**Problem requirements**
Return the entries below word for word. No picture belongs in the copy.

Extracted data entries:
========
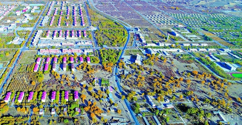 新疆生产建设兵团第二师38团南屯镇(路左)与且末县奥依亚依拉克镇,315国道从两镇之间穿越而过(10月22日无人机摄)。严君峰摄
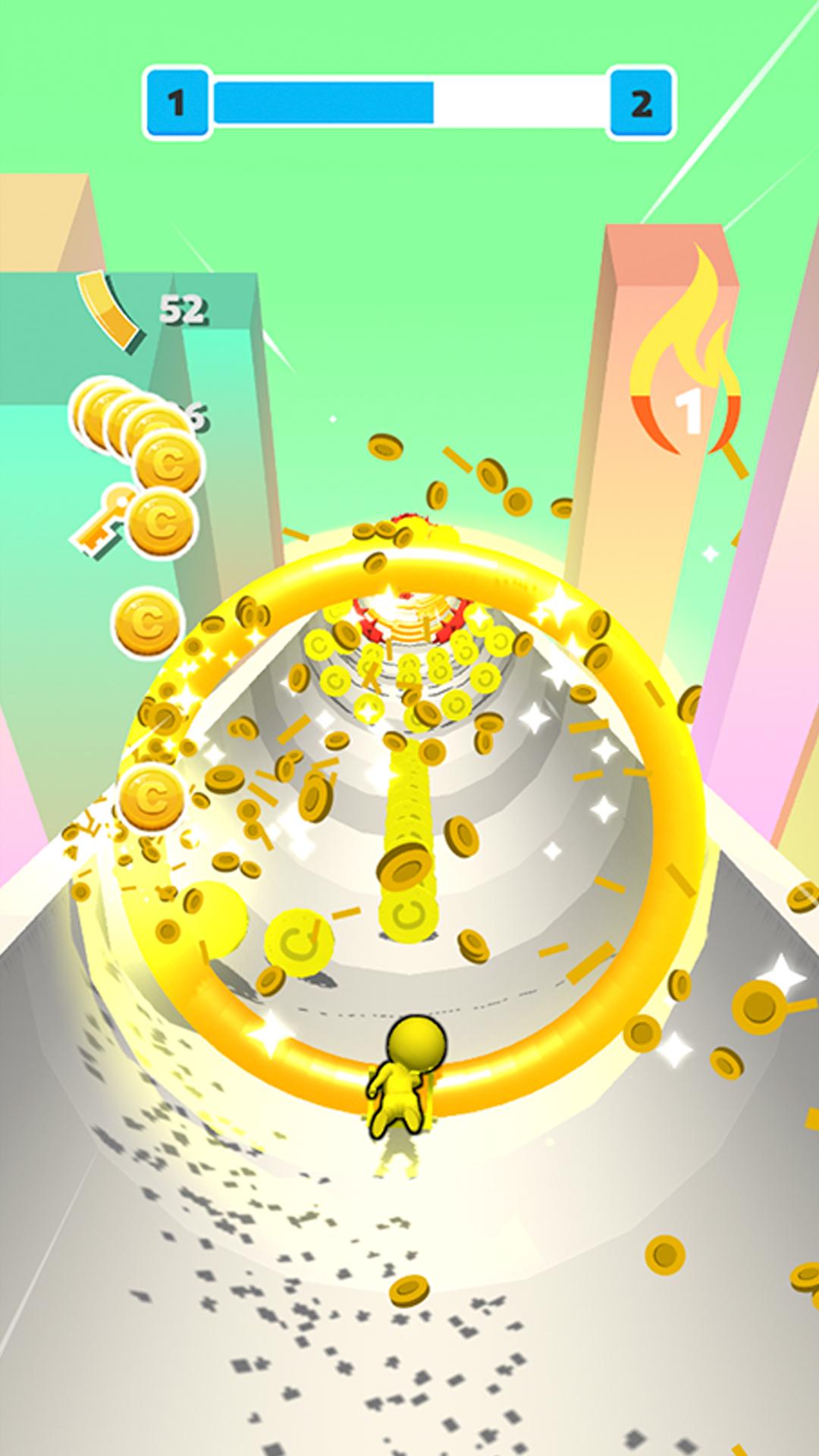 创建一个完美的环环以到达平台的末端。注意障碍物。 9 种不同类型的戒指和无尽的关卡!
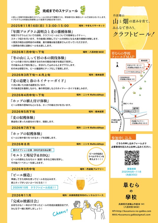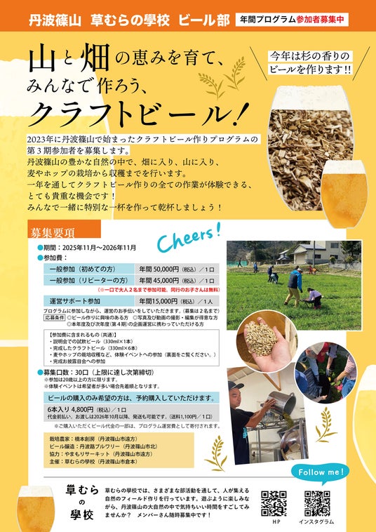 株式会社ミドリカフェが兵庫県丹波篠山市で里山をフィールドに活動している「草むらの學校(代表:ウチダ ケイスケ)」は、地域資源を活かした体験型プログラム「クラフトビールをつくろう」の第3期参加者募集を開始しました。
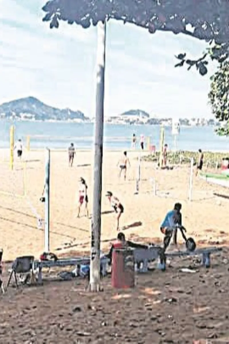 “Os campos de vôlei do final da praia lotaram na manhã do último dia 24. Pessoas disputando partidas e outras assistindo aos jogos”.
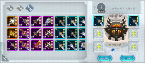 熔炼坊可以分解用不到的侠客信物、武器和材料等。
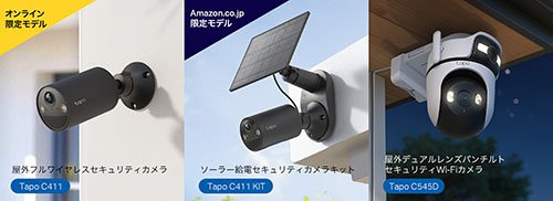 オンラインショップの価格は、Tapo C545Dが12,800円、Tapo C411 KITが10,800円、Tapo C411が9,800円。
========
**Response to the exercise**
 新疆生产建设兵团第二师38团南屯镇(路左)与且末县奥依亚依拉克镇,315国道从两镇之间穿越而过(10月22日无人机摄)。严君峰摄
 创建一个完美的环环以到达平台的末端。注意障碍物。 9 种不同类型的戒指和无尽的关卡!
 株式会社ミドリカフェが兵庫県丹波篠山市で里山をフィールドに活動している「草むらの學校(代表:ウチダ ケイスケ)」は、地域資源を活かした体験型プログラム「クラフトビールをつくろう」の第3期参加者募集を開始しました。
 “Os campos de vôlei do final da praia lotaram na manhã do último dia 24. Pessoas disputando partidas e outras assistindo aos jogos”.
 熔炼坊可以分解用不到的侠客信物、武器和材料等。
 オンラインショップの価格は、Tapo C545Dが12,800円、Tapo C411 KITが10,800円、Tapo C411が9,800円。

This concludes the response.